Le ski et le foot, c’est fini

En 74 jours de pause, Federer a profité pour couper… cinq jours. «J’aurais bien aimé me reposer plus longtemps, mais j’ai eu quelques activités avec des œuvres de bienfaisance comme le match pour l’Afrique, d’abord face à Andy Murray, puis contre John Isner. A cette occasion, j’ai même rencontré Bill Gates, ce qui a été une très belle expérience. J’ai pu aussi peaufiner ma condition physique. Multiplier les entraînements constitue toujours un risque pour le physique, mais aujourd’hui, je me sens en pleine forme.»

Plus frais et inspiré que jamais

Arborant une nouvelle coupe de cheveux, bien plus courte qu’au début de l’année, il donne l’impression d’être revigoré après une entame de saison chargée, mais quasiment parfaite (trois titres à l’Open d’Australie, Indian Wells et Miami en quatre tournois). «Durant toutes ces semaines, je n’ai pas rencontré le moindre souci, que ce soit avec mon dos ou mon genou, précisait-il.
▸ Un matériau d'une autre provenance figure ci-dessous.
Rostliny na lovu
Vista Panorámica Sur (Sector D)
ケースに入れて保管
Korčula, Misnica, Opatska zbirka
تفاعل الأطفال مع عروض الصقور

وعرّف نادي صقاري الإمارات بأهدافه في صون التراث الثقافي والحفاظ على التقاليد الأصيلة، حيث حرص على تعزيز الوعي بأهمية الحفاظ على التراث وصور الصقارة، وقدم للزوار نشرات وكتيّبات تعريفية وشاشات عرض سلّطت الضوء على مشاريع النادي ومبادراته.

Le plus important, c’est de bien dormir et de bien récupérer de mes efforts. Pratiquer d’autres disciplines sportives comme le ski ou le football, c’est fini pour un certain temps. Je ne peux plus me le permettre.»
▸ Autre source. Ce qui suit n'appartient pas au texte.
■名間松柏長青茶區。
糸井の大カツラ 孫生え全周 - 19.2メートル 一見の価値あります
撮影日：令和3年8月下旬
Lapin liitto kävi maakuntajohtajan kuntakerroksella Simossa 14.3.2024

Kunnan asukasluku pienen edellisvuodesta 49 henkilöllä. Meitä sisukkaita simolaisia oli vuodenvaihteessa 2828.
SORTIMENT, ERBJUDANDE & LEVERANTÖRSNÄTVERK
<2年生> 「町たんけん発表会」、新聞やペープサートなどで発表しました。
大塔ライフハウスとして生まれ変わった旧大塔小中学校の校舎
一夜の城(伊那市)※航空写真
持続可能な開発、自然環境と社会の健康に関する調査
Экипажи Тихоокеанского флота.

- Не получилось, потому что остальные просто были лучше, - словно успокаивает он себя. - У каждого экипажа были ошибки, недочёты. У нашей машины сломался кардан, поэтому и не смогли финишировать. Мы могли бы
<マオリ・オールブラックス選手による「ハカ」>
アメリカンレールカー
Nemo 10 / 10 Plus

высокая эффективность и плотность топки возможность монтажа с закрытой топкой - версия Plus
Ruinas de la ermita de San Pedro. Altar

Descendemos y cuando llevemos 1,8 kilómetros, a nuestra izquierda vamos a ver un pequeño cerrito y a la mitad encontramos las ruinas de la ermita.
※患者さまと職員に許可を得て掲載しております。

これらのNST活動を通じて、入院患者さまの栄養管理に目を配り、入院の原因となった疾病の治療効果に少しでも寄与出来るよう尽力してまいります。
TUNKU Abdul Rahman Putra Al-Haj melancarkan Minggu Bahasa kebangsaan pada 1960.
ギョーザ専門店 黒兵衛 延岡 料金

La chronique de Marc Rosset: Roger Federer, pour l’amour du jeu

Il y a un an, il avait été éliminé en demi-finale à Stuttgart par l’Autrichien Dominic Thiem, futur vainqueur. Cette fois-ci, il semble plus frais et inspiré que jamais. Ses concurrents les plus sérieux se nomment Tomas Berdych, Grigor Dimitrov et Lucas Pouille. «Je suis venu à Stuttgart pour retrouver progressivement le rythme afin de monter en puissance en vue de Wimbledon. L’idéal, ce serait de gagner ici. Mes chances sont bonnes.»